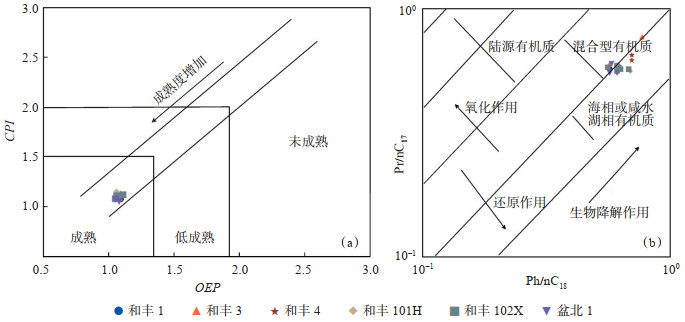 下载原图 图 2 准噶尔盆地达巴松凸起盆北1井区三叠系白碱滩组原油CPI与OEP(a)和Pr/nC17与Ph/nC18(b)交会图 Fig. 2 Crossplot of CPI vs. OEP (a) and Pr/nC17 vs. Ph/nC18 (b) of crude oil of Triassic Baijiantan Formation in Penbei 1 well area of Dabasong uplift in Junggar Basin |
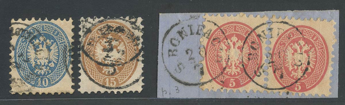 Filigrana Lettere, 4 esemplari (N. 43d in coppia, 44d, 45d) il 15s. Presenta...
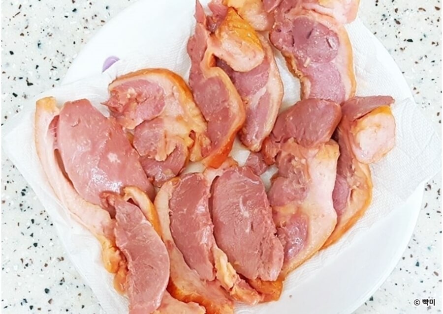 2. 접시에 키친타월을 깔고 훈제오리를 올린 뒤 전자레인지에 넣고 1분간 가열한 후 기름기를 제거하고 한 입 크기로 썰어주세요.
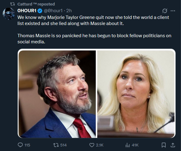 not looking good folx...We know why Marjorie Taylor Greene quit now she told the world a client list existed and she lied along with Massie about it.Thomas Massie is so panicked he has begun to block fellow politicians on social media.https://x.com/0hour1/status/2005326884272538085
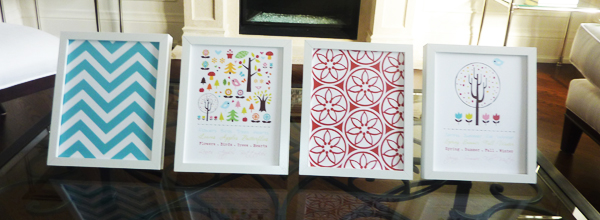 ![]() Flowers, Birds, Trees, Hearts, Apples and Butterflies $17.99 Your baby room décor should be bright and lively. Take home this colourful collage of flowers, hearts, leaves, mushrooms, tulips, trees, birds, apples, and butterflies and it will instantly add joy and warmth to your baby nursery room. This set of four children’s print can be used as wall decals or placed in a photo frame. The zig zag print is in turquoise and the flower patterned print is in red. |
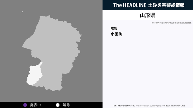 9月20日12時0分、山形県の土砂災害警戒情報が解除された
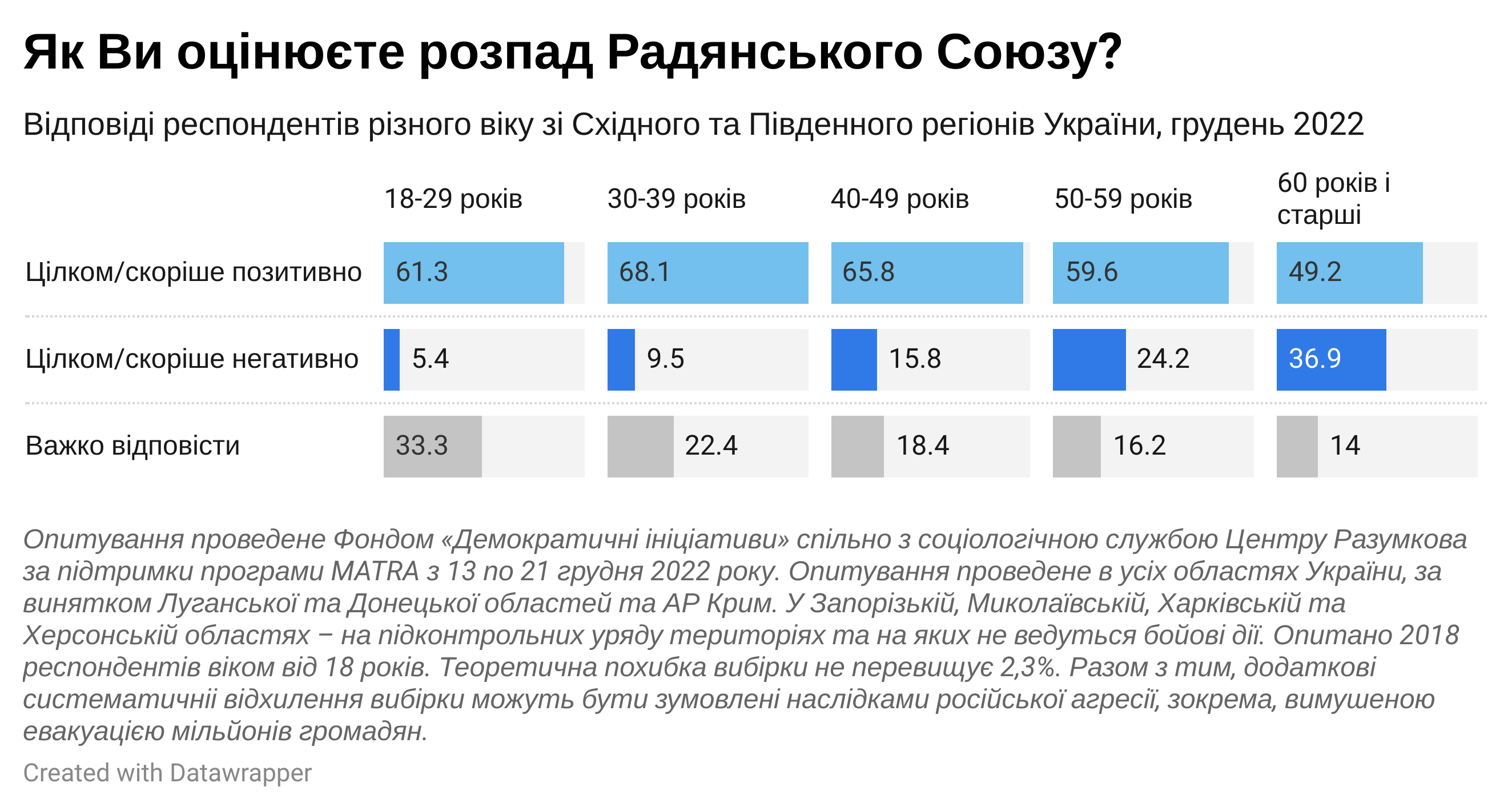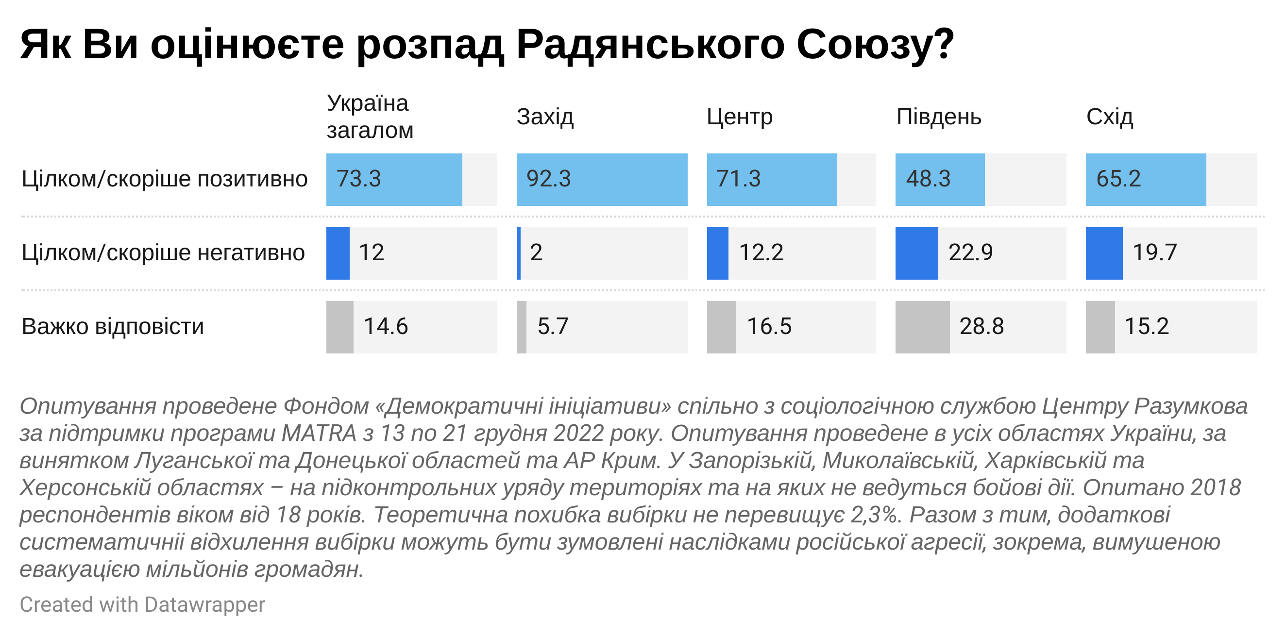 Після початку повномасштабної війни РФ проти України серед населення нашої держави збільшується кількість людей, які ставляться до розпаду Радянського Союзу як до позитивної події, а також тих, хто підтримує політику засудження його діяльності. Про це свідчать результати опитування фонду «Демократичні ініціативи» імені Ілька Кучеріва та соціологічної служби Центру Разумкова, проведеного з 13 по 21 грудня 2022 року.
::::
Aim of the task – Every entry is to be reproduced word for word, and no image is carried over.

Task answer –
 下载原图 图 2 准噶尔盆地达巴松凸起盆北1井区三叠系白碱滩组原油CPI与OEP(a)和Pr/nC17与Ph/nC18(b)交会图 Fig. 2 Crossplot of CPI vs. OEP (a) and Pr/nC17 vs. Ph/nC18 (b) of crude oil of Triassic Baijiantan Formation in Penbei 1 well area of Dabasong uplift in Junggar Basin |
 Filigrana Lettere, 4 esemplari (N. 43d in coppia, 44d, 45d) il 15s. Presenta...
 2. 접시에 키친타월을 깔고 훈제오리를 올린 뒤 전자레인지에 넣고 1분간 가열한 후 기름기를 제거하고 한 입 크기로 썰어주세요.
 not looking good folx...We know why Marjorie Taylor Greene quit now she told the world a client list existed and she lied along with Massie about it.Thomas Massie is so panicked he has begun to block fellow politicians on social media.https://x.com/0hour1/status/2005326884272538085
 ![]() Flowers, Birds, Trees, Hearts, Apples and Butterflies $17.99 Your baby room décor should be bright and lively. Take home this colourful collage of flowers, hearts, leaves, mushrooms, tulips, trees, birds, apples, and butterflies and it will instantly add joy and warmth to your baby nursery room. This set of four children’s print can be used as wall decals or placed in a photo frame. The zig zag print is in turquoise and the flower patterned print is in red. |
 9月20日12時0分、山形県の土砂災害警戒情報が解除された
 Після початку повномасштабної війни РФ проти України серед населення нашої держави збільшується кількість людей, які ставляться до розпаду Радянського Союзу як до позитивної події, а також тих, хто підтримує політику засудження його діяльності. Про це свідчать результати опитування фонду «Демократичні ініціативи» імені Ілька Кучеріва та соціологічної служби Центру Разумкова, проведеного з 13 по 21 грудня 2022 року.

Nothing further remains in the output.